“但我偏偏就要赖在长安,以后任谁也赶不走我。”秦洵道,“不过,我娘当初把我送出去历练一番,也许是对的,如果不是那六年,我现在八成真不知民间疾苦。你看,我们家商儿比现在更小几岁的那时候,话里总是会带点‘何不食肉糜’的意思,他也不是有意的,只是他那小脑袋里就不存在‘民间疾苦’四个字,大人再怎么给他解释,他点头答应了你,但他心里其实并不明晰,他现在说这些话少了,那也只是因为我们告诉过他这些话不对,他在听话,究竟不对在哪里,你如果让他说,他是说不上来的。”
因为没有经历过,一切被告知的概念就只能是没有实质的浮想,不能附着在具体的物象上,往往不痛不痒。
“阅历和见识总是越多越少,人一辈子其实都在不断地被磨平棱角,差别不过是有人磨得快有人磨得慢,世人好像也都默认了人就该被慢慢磨平,要不然怎么孩童放声哭放声笑就是可以被原谅的纯真,大人却得喜怒哀乐不形于色,昧着良心见人说人话见鬼说鬼话,否则就要被指责不成熟不懂事。”没了酒坛,秦洵对手里最后一杯酒格外珍惜,小口小口抿着,“我倒希望我磨得慢些,我在这世上走一遭,可不是为了讨好谁的。”
生辰宴开始时已初见暮色,这会儿天边已然黯淡,上将军府中却是一片灯火通明推杯换盏的喜气,灯笼明光映亮少年轮廓精致的半张脸,不知是他在及冠的一瞬间长大,还是殷子衿一年没怎么见过他,觉得他这张脸上残存的稚气又褪掉不少。
这孩子常年混迹在京城的富贵子弟圈子里,荒唐混账的事情,他跟着人家干得驾轻就熟,各种“丰功伟绩”放到外头说道说道,保准是个典型的二世祖形象。

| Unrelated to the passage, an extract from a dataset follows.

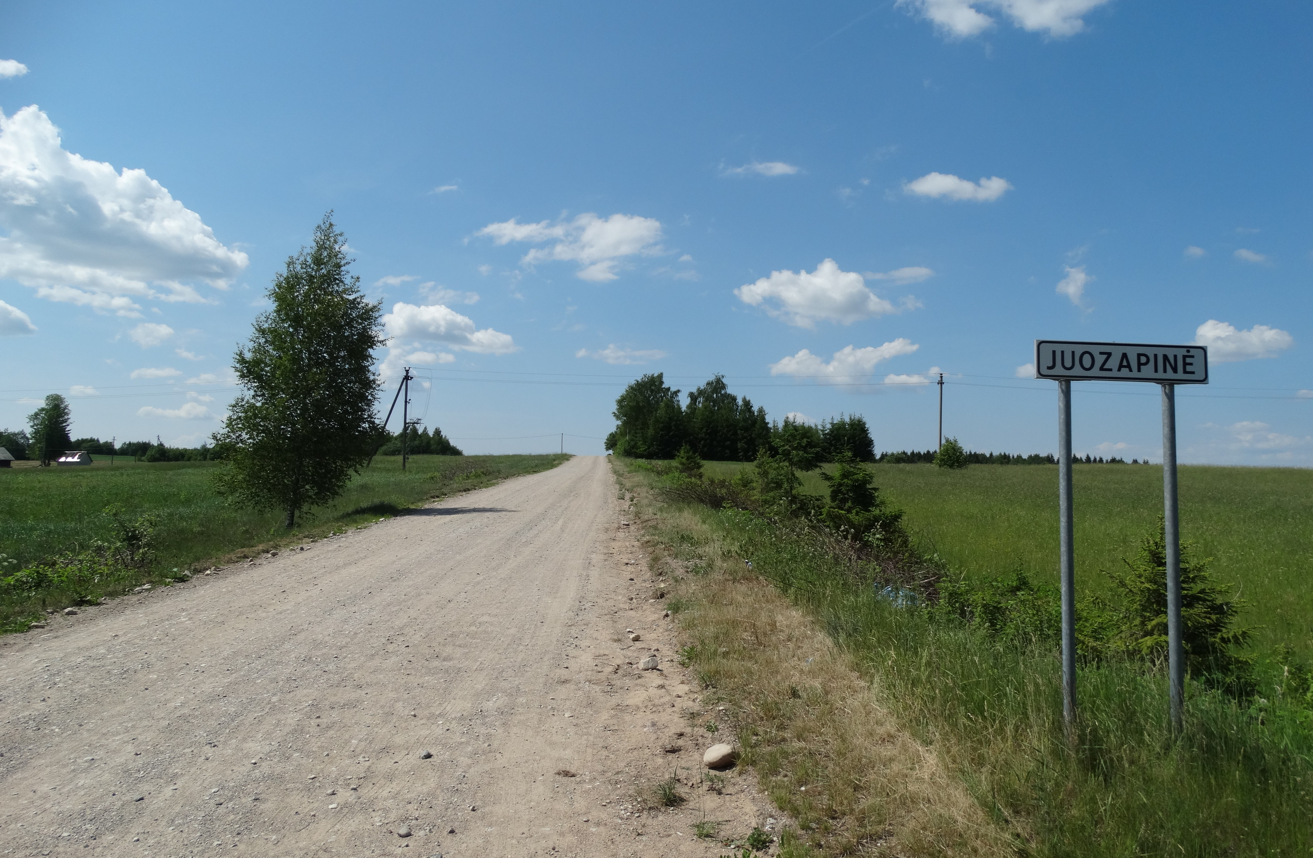 Juozapinė, Vilnius District, Lithuania
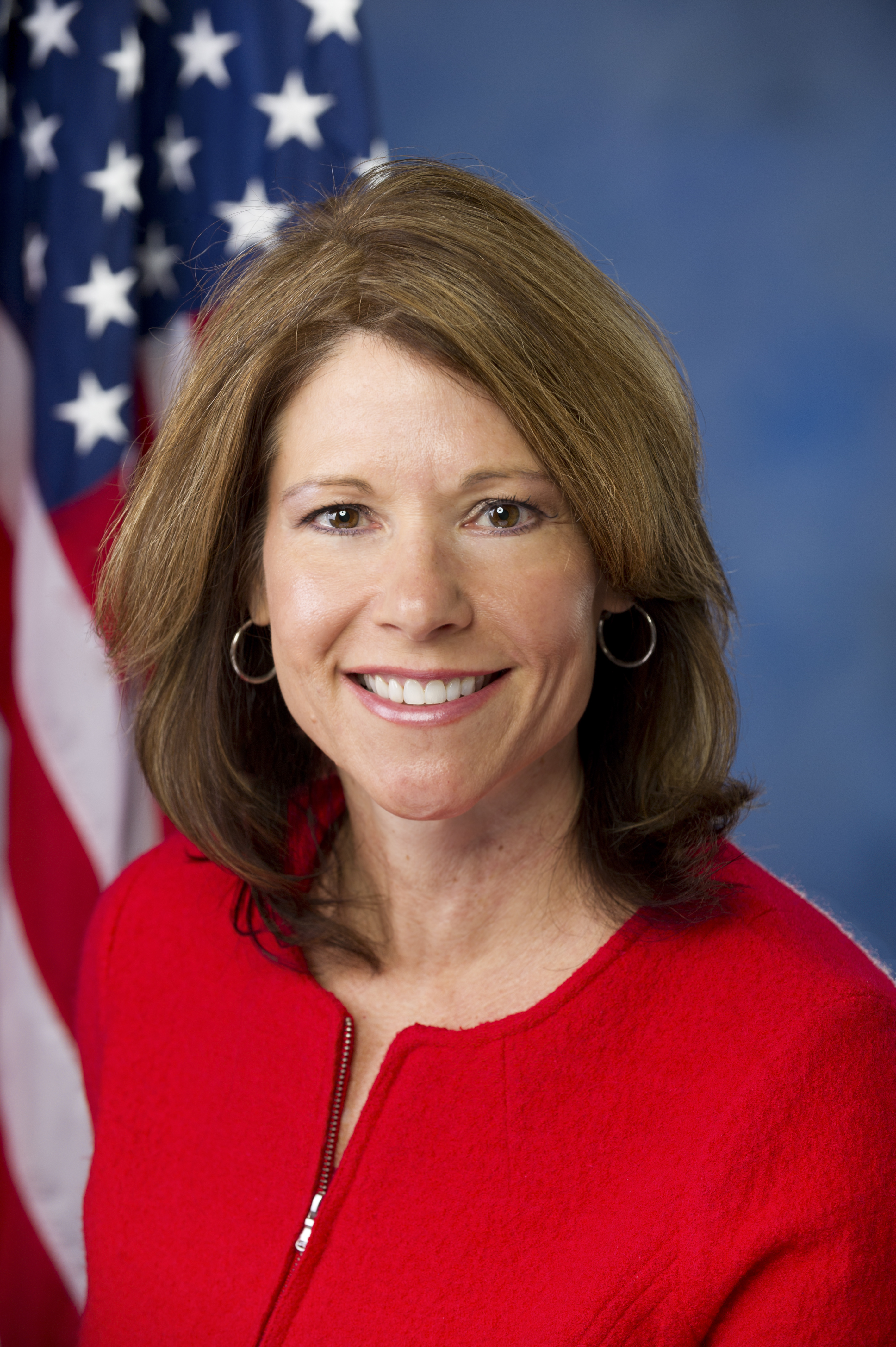 Representative Cheri Bustos

但若见过他,细细观察过他眉眼间笑盈盈的神态,就会发现他身上其实并没有多少高粱纨绔的靡丽气息,所谓荒唐大都浮于表面,只要他肯正正他没相的坐姿,稳稳他轻飘的语气,揭了外头那一层,内里便是明朗干净一个少年人。
“后来怎么样了?”殷子衿问。
“后来?”秦洵眨眨眼。
殷子衿话转得突然,秦洵逐渐被酒精麻痹的脑袋又变得迟钝,良久才反应过来晋阳王叔是好奇他提起江南接头那件事的后续。
“后来呢,你们上去拦了?”殷子衿补充。
当时那个年纪的小少侠们,混迹在江湖上正是热衷“行侠仗义”的时候,秦洵大概比他的同伴们缺少些侠气,但真让少爷看不惯了,他也不至于袖手旁观。
况且他还能记着这事,现在拿出来说道,当时八成是插手了。
秦洵弯弯眼睛:“啊,是上去拦了,沈柏舟带的头。”他一顿,“沈柏舟我和王叔提起过吗?是我二师兄,他在江南一带还是小有名气的。”当然一部分是被狐朋狗友们瞎借名号闹出来的。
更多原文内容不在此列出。